I'll leave it at that for right now, I just have too much going on this second!


----------



## Screamin_99 (Jul 27, 2006)

I will try to get a pic of the current setup and let you see what is going on.

also. no I didnt add nothing just filled it up. but there is probably some in the water since its city and they probably add God knows what in it.

so Im gonna try this.

- shadeing the pond a little more.

- daining the water letting it dry up put new water in run that for about a week. then add in some stuff to clean the water like the purifiers and stuff to condition it.

- add 3 goldfish first then maybe add 3 more a little later..
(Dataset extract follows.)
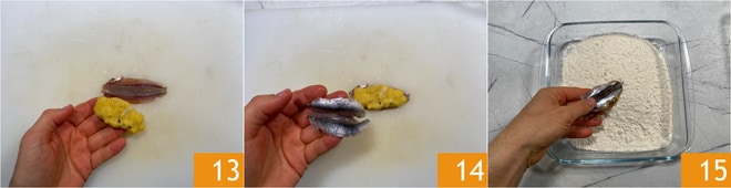 Coloque uma anchova por vez sobre a superfície de trabalho com a pele voltada para baixo, depois pegue uma pequena porção do recheio e espalhe-a na palma da mão até alcançar o mesmo tamanho da anchova 13. Coloque outra anchova sobre o recheio, desta vez com a pele voltada para cima, como se fosse um sanduíche 14. Continue assim com as outras anchovas. Depois de recheadas, empane as anchovas recheadas passando-as primeiro na farinha 15.
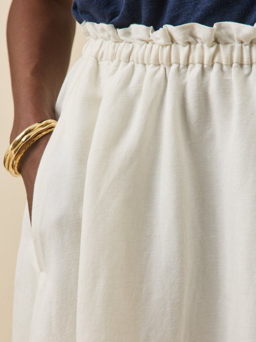 - Finition volantée sur ceinture élastiquée, fronces sous ceinture

how many goldfish is too many to put/have in said pond?


----------



## MarineFish (Mar 6, 2006)

ok i want to add a few things......

1. you added the feeder goldfish later IMHO Don't add feeder goldfish!!!! they often carry ich and other desieses from lack of care

2. try as best as possible to stay away from the algeafix/algea destroyer adding just a tad too much can kill your fish as it helps removed oxygen from the water

3. you need some plants like hyacinth and water lettuce to help provide soem shade or if nothign else get a few clay pots to put in bottom to provide shade

4. try adn use some kinda tap water conditioner they was probablly what led to the death of your fish although over time some of these other factors may have as well

Because of the heat and everythign if i could i would try and provide more water circulation. If you have any other questions let us know!!! But there are other much better ways to fight algae other than nasty chemicals!!!

Thanks,
MarineFish~MF~Brad Hall


----------



## Screamin_99 (Jul 27, 2006)

thank you very much...


I will try to see about getting that pic today. but as far as circulation goes what could I do in terms of that.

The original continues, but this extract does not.